Ma c’è di più. Il Leuzzi fu tra i dodici professori universitari che per non giurare fedeltà al fascismo persero la cattedra. Leuzzi perse quella di Medicina a Bologna e a Napoli. Fece ritorno nella sua amata terra natia, dedicandosi a studi multidisciplinari che magari poco avevano a che fare con i suoi insegnamenti universitari. E ci ritrovammo in seguito con professori antifascisti che avevano sottoscritto la loro fedeltà al fascismo. Anche un altro illustre repubblicano calabrese, Francesco Perri, che fu direttore della "Voce Repubblicana" nell’immediato dopoguerra, perse il posto di lavoro per la sua battaglia antifascista.

Data storica

29 agosto: oggi noi accoppiamo questa data storica con la nascita del Partito Repubblicano calabrese; continueremo con molte altre manifestazioni il prossimo anno per le celebrazioni del 150° anniversario dell’Unità d’Italia.

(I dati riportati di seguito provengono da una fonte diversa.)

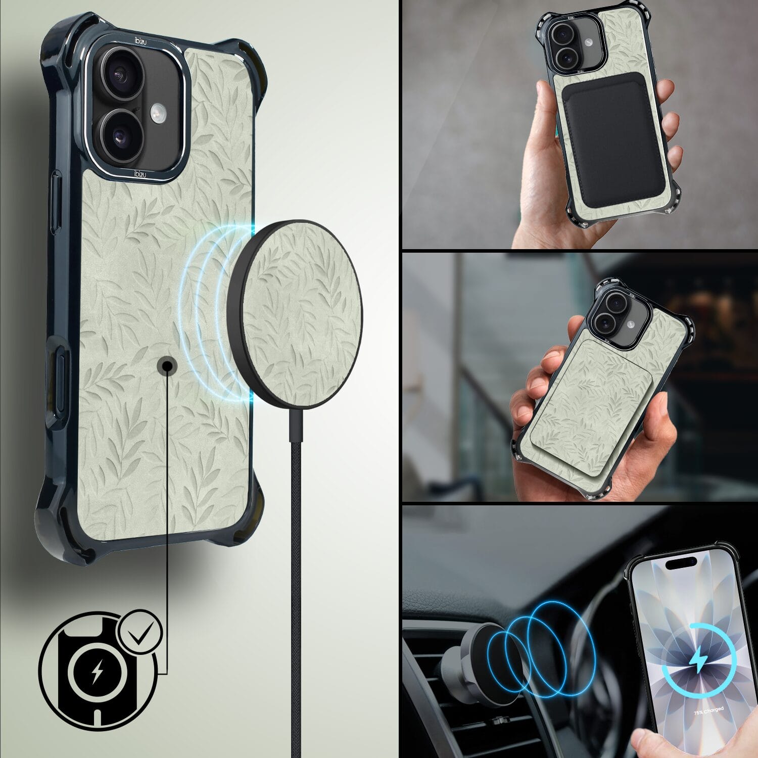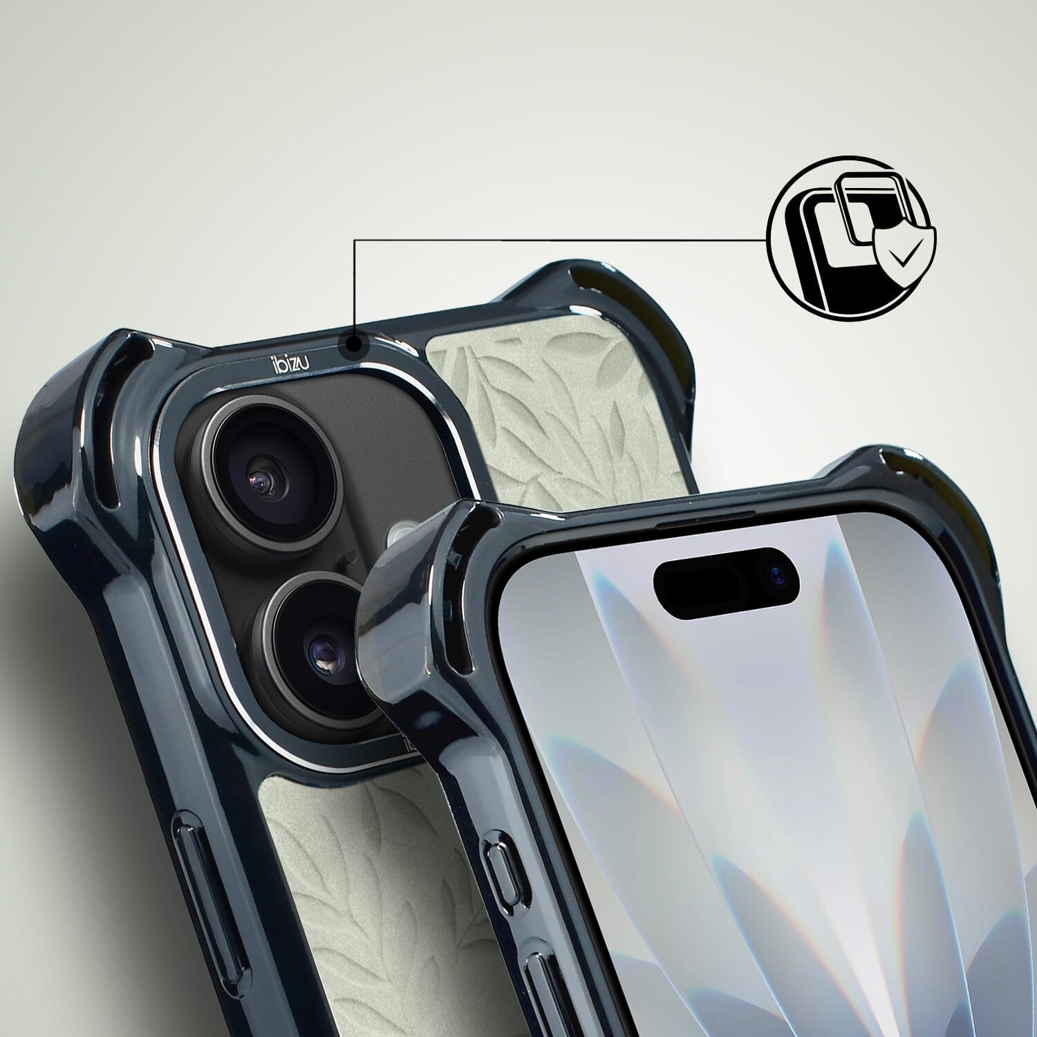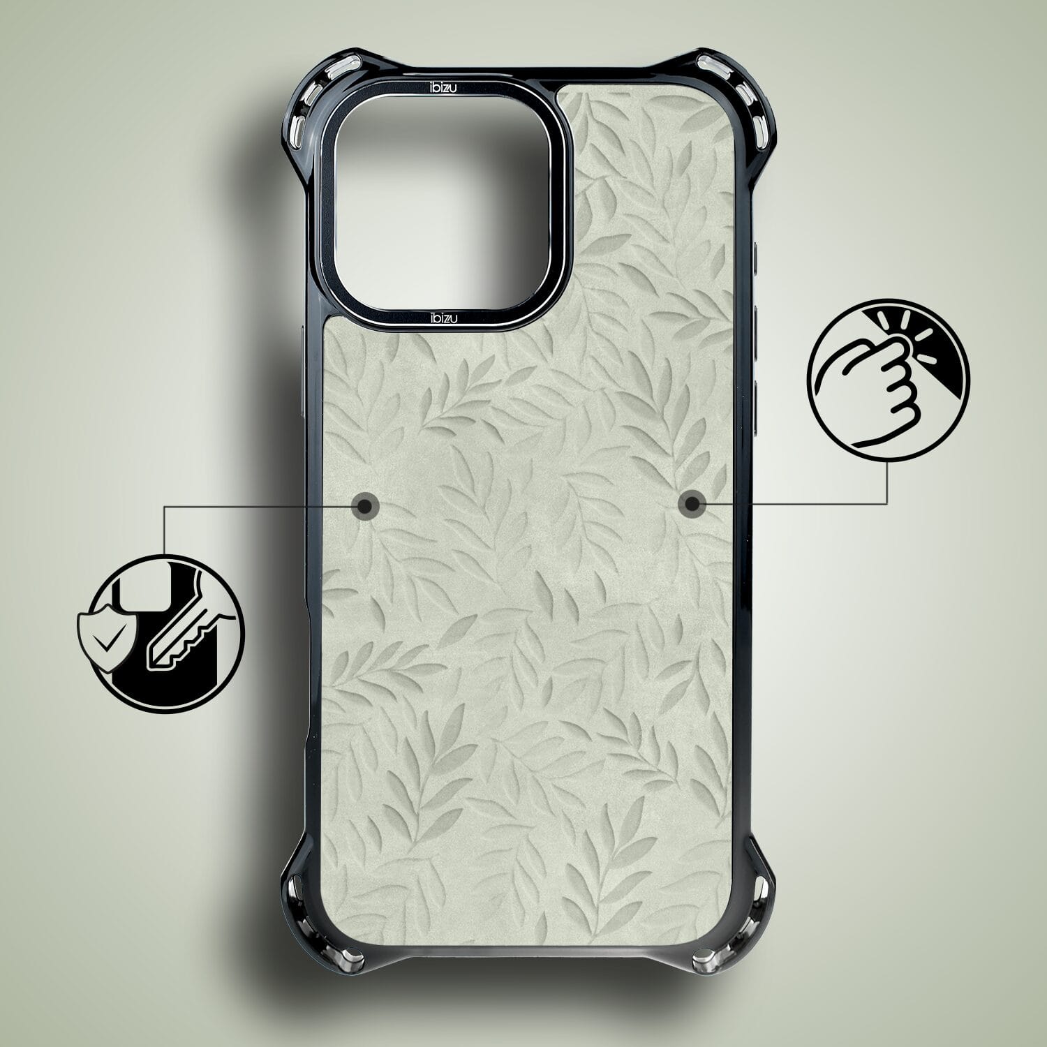Etui do iPhone 17 IBIZU DropGuard Ultra z MagSafe, Relief Garden, Ślad oliwki

Dianzi vi ho descritto di che pasta erano fatti i repubblicani e di che pasta sono fatti quanti credono nell’avventura repubblicana, che non si esaurisce certo nell’avere una tessera con l’Edera in tasca. Dovranno impararlo i politici calabresi e non solo loro. Se continuiamo ad esistere e combattere dopo due secoli (il simbolo dell’Edera è del 1834) è solo per la forza delle nostre idee, spesso – troppo spesso – anticipatrici del futuro della collettività in cui viviamo. E per esse dobbiamo essere disposti a tutto. Vale sempre – e mi piace spesso ricordarlo – ciò che il principe Metternich, l’uomo più potente d’Europa nel corso dell’800, disse di Mazzini: "Ebbi a lottare contro il più grande dei soldati, giunsi a mettere d’accordo imperatori e re, zar, un sultano, un papa, principati e repubbliche, avviluppai e sciolsi venti intrighi di corte, ma nessuno mi diede maggiori fastidi al mondo di un brigante d’italiano, magro, pallido, cencioso, ma eloquente come la tempesta, ardente come un apostolo, astuto come un ladro, disinvolto come un commediante, infaticabile come un innamorato, il quale ha nome Giuseppe Mazzini". E’ una citazione che ho utilizzato altre volte, ma questa occasione forse è la più consona di tutte.

La lezione mazziniana

Cari amici politici reggini, calabresi, italiani, è grazie alla lezione mazziniana di tenacia, responsabilità e solidarietà, che il PRI può dirsi tuttora fiero di aver operato e di operare sempre e prima di tutto per la libertà dei cittadini. Questo non ha nulla a che fare con la politica politicante. La libertà dei cittadini per i repubblicani è una scelta morale assoluta, la premessa fondante di ogni programma e il senso ultimo della nostra azione politica.